The story starts in the 1840s, when a hotel called the Napoleon, where Leo Tolstoy was once a guest, was built on the site.
The founder of the current establishment is Teresa Schmidt, who opened the hotel here in 1876 and gave it its moniker because she, despite her Germanic name, is alleged to have been an Englishwoman. The facility also briefly housed a British diplomatic mission in 1924.
By 1917 it had already been through several names — the Schmidt-England, the England and then the Angleterre. In 1919 it became the more ideologically appropriate “Internationale,” reverted to the Angleterre in 1925 and then became the Leningrad after World War II.
The poet Sergei Yesinin — who at one time was the husband of Isadora Duncan — wrote his last poem here before hanging himself from the heating pipes in one of its rooms in 1925. Today the management says the place has undergone so much renovation over the years that no one knows in which room he died.

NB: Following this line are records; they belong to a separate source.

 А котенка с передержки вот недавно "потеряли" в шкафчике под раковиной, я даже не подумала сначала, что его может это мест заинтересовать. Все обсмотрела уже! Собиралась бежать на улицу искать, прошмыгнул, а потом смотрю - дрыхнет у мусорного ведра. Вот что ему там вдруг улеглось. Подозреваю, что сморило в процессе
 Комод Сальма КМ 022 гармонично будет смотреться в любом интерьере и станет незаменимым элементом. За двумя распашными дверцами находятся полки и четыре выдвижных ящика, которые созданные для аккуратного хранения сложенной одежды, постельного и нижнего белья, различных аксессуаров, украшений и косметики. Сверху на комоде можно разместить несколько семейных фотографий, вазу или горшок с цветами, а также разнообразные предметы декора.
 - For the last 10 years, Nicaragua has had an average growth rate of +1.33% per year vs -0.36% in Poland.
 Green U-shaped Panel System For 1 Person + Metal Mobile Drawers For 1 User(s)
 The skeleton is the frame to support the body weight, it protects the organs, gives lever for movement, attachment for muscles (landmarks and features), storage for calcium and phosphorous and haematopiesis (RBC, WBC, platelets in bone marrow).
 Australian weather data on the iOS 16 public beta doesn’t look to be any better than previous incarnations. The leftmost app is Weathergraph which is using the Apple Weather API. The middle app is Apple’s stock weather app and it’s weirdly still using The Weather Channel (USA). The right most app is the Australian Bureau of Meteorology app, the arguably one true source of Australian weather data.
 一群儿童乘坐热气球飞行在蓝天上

A much-loved St. Petersburg landmark, the hotel had fallen into disrepair by the end of the 1980s and was narrowly saved from demolition by a popular campaign that eventually saw the place shut for complete renovation.
Rocco Forte took over in 1996 and had soon re-established the venue as a place of slightly more understated luxury than its five-star sister next door.

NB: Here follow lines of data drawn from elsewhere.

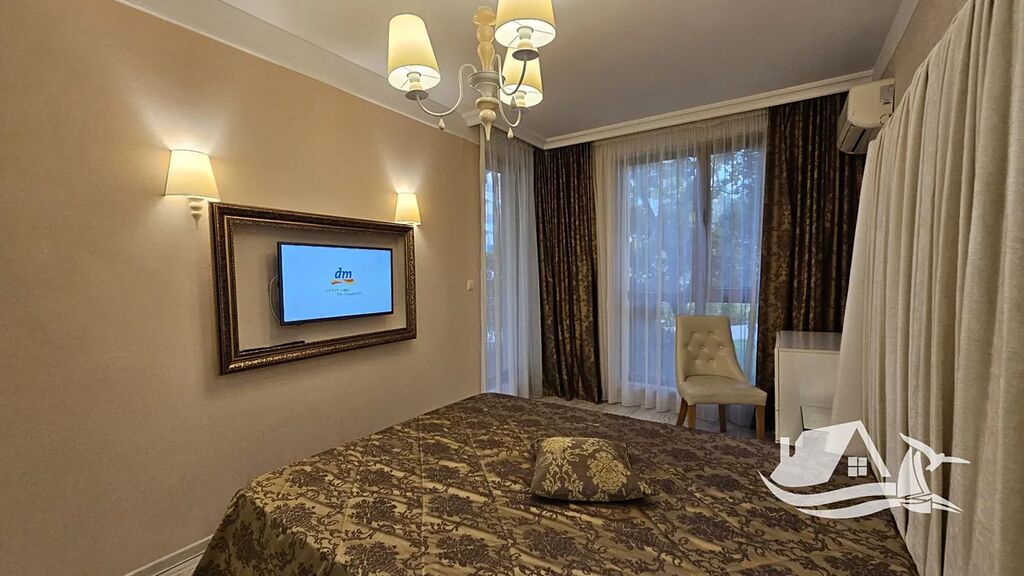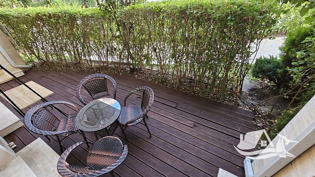 Pouhých 350 metrů od písčité pláže najdete jeden z nejpříjemnějších koutů Slunečného pobřeží. Blízko všeho, co potřebujete – supermarketů, trhů, kaváren, restaurací, zastávek MHD –, a přesto dost daleko od ruchu hlavní promenády.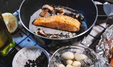 Steak salmon fillet in frying pan surrounding with ingredients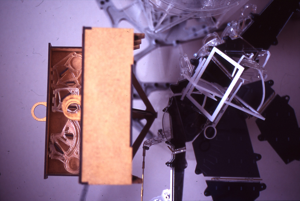 Three views of Instrument Six in action, the two top views construct paradoxical shadows that float in the air, adjacent to the surface you would expect them to land on , in real time. The bottom image is of the instrument in photographic mode where the relative parallax between shadow projections can be adjusted for pairs of stereoscopic photographs, and it uses a single lightbulb instead of a pair of candles.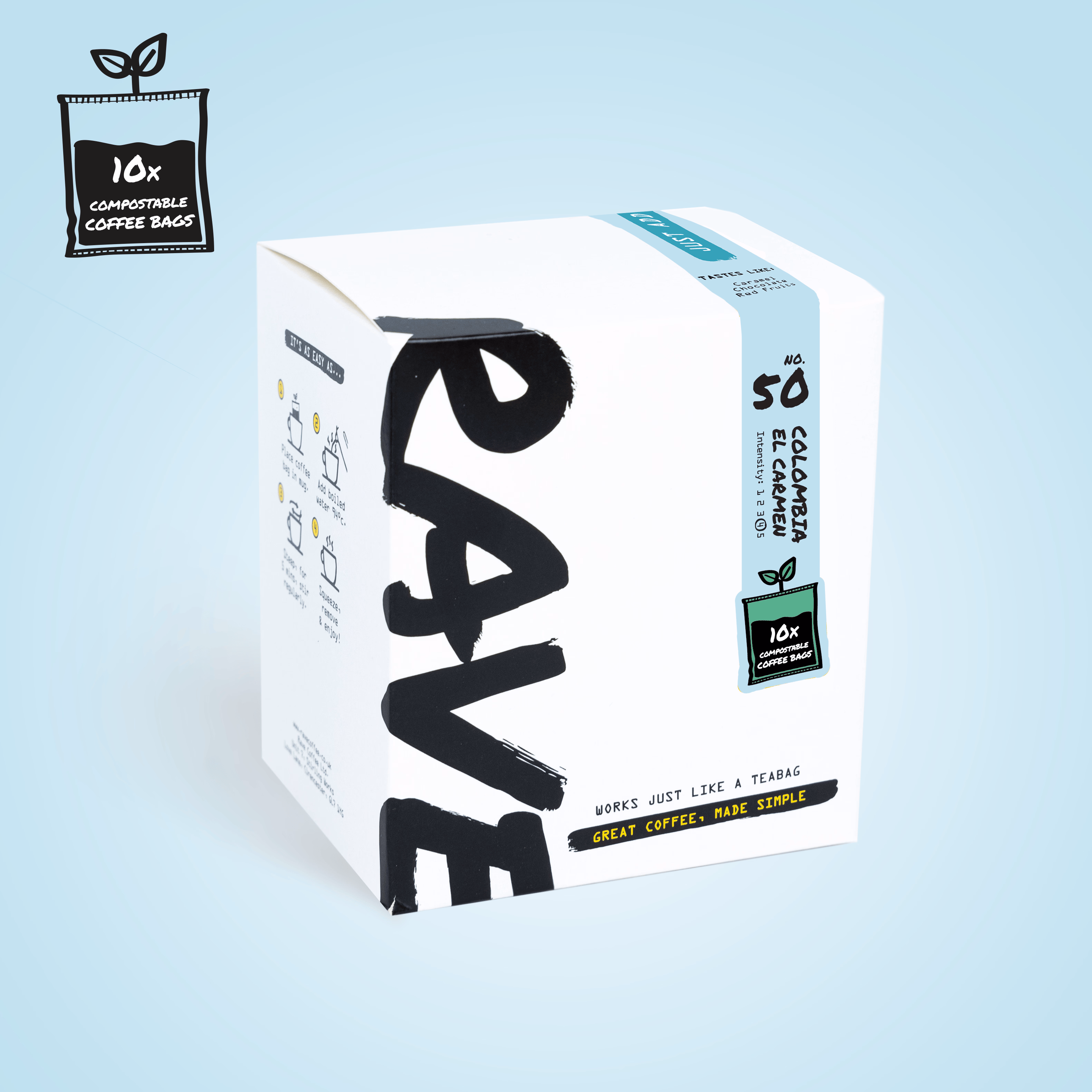 Could this be the most convenient and best cup of speciality coffee you have ever had? Our new compostable coffee bags make drinking Rave coffee simple. They work just like a tea bag so no fancy brew equipment is needed - simply add boiling water & wait 3 minutes.
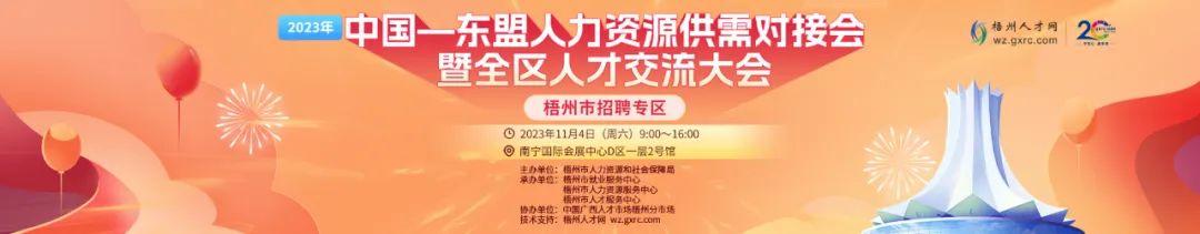 梧州招聘专区是交流会的组成部分,本次专区招聘活动由梧州市人力资源和社会保障局主办,是梧州市开展“稳主体促就业惠民生攻坚行动”的重要服务举措,旨在满足梧州市各领域用人单位引才引智的迫切需求,促进高校毕业生就业等优质人力资源有效配置,为梧州市实体经济发展的提供人才支撑。

The result is a welcoming atmosphere that is less intimidating but every bit as pleasant. Its indoor terrace — a long gallery lined with trees and tables — fronts a fine Italian restaurant and a pleasant bar that boasts live pianists and mixes a very fiery Bloody Mary.
Unlike the 19th-century pretensions of either next door’s Astoria or the Grand Europe, where one can imagine oneself as a latter day Count Vronsky, the Angleterre is a place to indulge in a 20th-century brand of glamour. Take a packet of cigarettes and a sharp suit, wreathe yourself in smoke, order scotch or a cocktail instead of champagne and watch guests pass in black and white.
Other Options
There are other hostelries that can’t claim the same age as the institutions mentioned above but do a fine job of recreating the St. Petersburg of the past.

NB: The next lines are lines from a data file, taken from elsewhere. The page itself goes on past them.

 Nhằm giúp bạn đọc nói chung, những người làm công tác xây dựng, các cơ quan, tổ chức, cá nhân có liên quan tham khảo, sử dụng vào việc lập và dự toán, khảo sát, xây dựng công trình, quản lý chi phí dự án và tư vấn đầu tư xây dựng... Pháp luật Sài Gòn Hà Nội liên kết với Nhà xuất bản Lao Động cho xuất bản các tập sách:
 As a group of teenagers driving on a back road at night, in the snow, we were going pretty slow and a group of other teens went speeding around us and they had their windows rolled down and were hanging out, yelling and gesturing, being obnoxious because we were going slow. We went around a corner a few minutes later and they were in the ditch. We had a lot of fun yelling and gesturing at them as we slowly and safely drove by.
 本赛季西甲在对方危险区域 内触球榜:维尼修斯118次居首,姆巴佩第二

The Corinthian, formerly the Nevsky Palace, dates from 1993 in its present incarnation but occupies a neo-classical mansion built by August Lange in 1861 and the former home of the Samoilov family — a grand St. Petersburg acting dynasty — that overlooks Stremyannaya Ulitsa. The main building housed the Hotel Hermes from 1920 to 1957 and the Baltiiskaya Hotel from 1958 to 1989. The hotel includes a museum about the Samoilovs.
Today it is part of the Malta-based Corinthia Hotels chain. One of the great five-star hotels in the city, it competes with the Grand Hotel Europe and the Astoria for luxury and A-list celebrities.
The 89-room Taleon Imperial Hotel at 15 Nevsky Prospekt is a modern hotel that trades on its lovingly restored historically accurate interiors. Opened in an 18th-century mansion and boasting enough polished marble, gold leaf and chandeliers to make Catherine the Great feel at home, its web site claims that “no hotel in the world” can offer the same kind of historic beauty. Come here for the “War and Peace” experience, in a film-set kind of way.
The Antique Hotel Rakhmaninov on Kazanskaya Ulitsa, just behind the Kazan Cathedral off Nevsky Prospekt, recreates the Silver Age of Russian letters in an apartment where the composer lived in his youth. Described by one source as “half hotel, half museum,” the current management preserves Rakhmaninov’s own room, offers a historically themed upper floor and an artistically themed downstairs. Rather than focusing on the exploits of tsars and revolutionaries, the Rakhmaninov positions itself as part of St. Petersburg’s cultural history — and the prices are correspondingly more affordable for starving artists.